Best used for: Communicating ideas and thought processes; converting metaphors into visual

What you need: A talented animator (I’m not being sarcastic, I’m being deadly serious); a product you’re sure that couldn’t be sold better live; time; money.

Firstly, “animated” doesn’t just mean “cartoon”.

The best way to decide if you need to go the animated route or not is to ask yourself a simple question: can you demonstrate what you do in a physical way? By which I don’t mean communicating, say, pay-per-click advertising through interpretive dance – but if there’s no physical product, then standing and talking about it in front of a camera is probably pretty worthless.

Services – for example, workflow tools, financial transaction services or instant messaging products – need to be shown to work in a way that may be too boring to show on screen, or may have what you believe to be an emotional or social benefit that you can’t attribute in a simple showcase.

It’s not about explaining things simply with the occasional cartoon lightbulb, cloud or a daft-looking bird for punctuation – it’s bringing something a little less tangible to life in an engaging way. Animated explainer videos allow for more personality when what you’re selling simply doesn’t have it. Nobody sees PayPal as cheeky, or Google Hangouts as down with the kids. They just do things simply and effectively, but in a different manner to competitors – which is why both companies have gone the animated route (with, admittedly, live-action parts too).

What’s more, if you offer something that evolves with the times – software being a particularly excellent example – or you’re the kind of place that rebrands every now and then (even subtly), you can go back and edit the bits that don’t comply with your new look, product, or service. Think of it as an investment for the future.

God forbid you get a bad animator, though. Getting the wrong person for your job can turn a potential Pixar short into Don Hertzfeldt’s Rejected, or one of the less funny episodes of 12 oz. Mouse. …not to say that “animated” means “cartoon”, though. You know what I mean.


Slide-based explainer

Best used for: Demonstrations, usually of software; how-to videos; addressing more in-depth functions of a product or service.

What you need: A clear storyboard; a start and a finish; the steps in between.

I love slide-based explainers. They’re my absolute favourite. They don’t need to be static; for example, you can flip between screenshots with active mouse cursors, or display a few diagrams. Chuck in the occasional zoom shot when you need to differentiate between two items in a list and bosh – that explanation you wanted just explained what you needed. If you’re doing a simple demonstration or explaining the minutiae of a specific service function, just stick to this. People will leave feeling happy, because you’ve given them the answer they’re looking for.

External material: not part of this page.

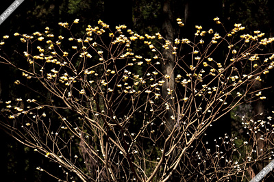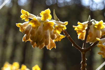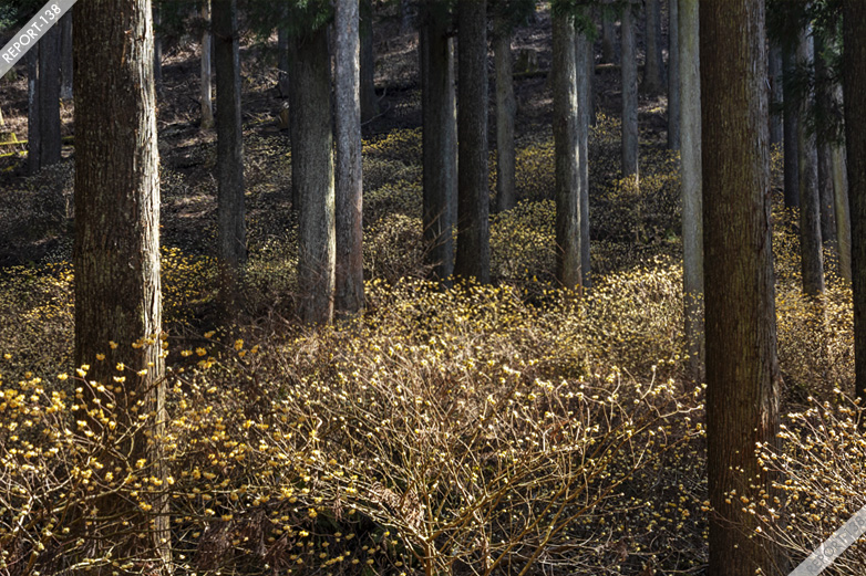 目的はと言えばそりゃミツマタなわけですが、もっと深くの目的はというとこの時期三月あたりの季節感といったところでしょうか。稜線だとそろそろ締まってきてテラってきた雪面とかで表現するわけですが、そればかりだとちょっと物足りない。里に降りれば梅が咲くし、場所によっては足元にカタクリも咲くし、と色々と撮っておきたいわけです。その中で「黄色い花」ミツマタはちょうど良い素材であります。黄色だったら他にもマンサク、サンシュユ、レンギョウなどもありますが、暗い樹林帯に地味に華を添えるミツマタはまた違った趣があっていいですね。もちろんミツマタでも明るいところで咲いている場所もありますので一概に「そのイメージ」というわけではないですが、丹沢らしい暗い樹林、そして横から差し込む光という繊細なカットは特徴があって好きです。

Text-based “whiteboard”-style explainer

Best used for: Nothing.

What you need: No self-respect.

It’s been done. It’s been done a million times. Sure, you have no budget, but please, don’t go down the route of look-I-have-a-whiteboard-and-a-marker-and-ideas-and-a-camera-stuck-on-fast-forward-oh-no-watch-out-guys-there’s-another-guy-helping-me-out-with-a-DIFFERENT-COLOURED-PEN-isn’t-this-wacky?-please-love-us-we’re-inventive.

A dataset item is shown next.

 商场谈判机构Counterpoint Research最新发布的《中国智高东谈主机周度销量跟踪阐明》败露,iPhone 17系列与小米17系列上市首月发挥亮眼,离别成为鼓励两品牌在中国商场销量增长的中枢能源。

Even if you go the more high-tech whiteboard and animation combination route, the only thing this format will communicate is a lack of originality. You can stand in front of a board and draw as you talk, maybe – if you’re drawing stuff and you have enough in the way of words to cover what you’re saying – but this one’s been done to death. 0/10 would not do, even if my job was to sell actual whiteboards.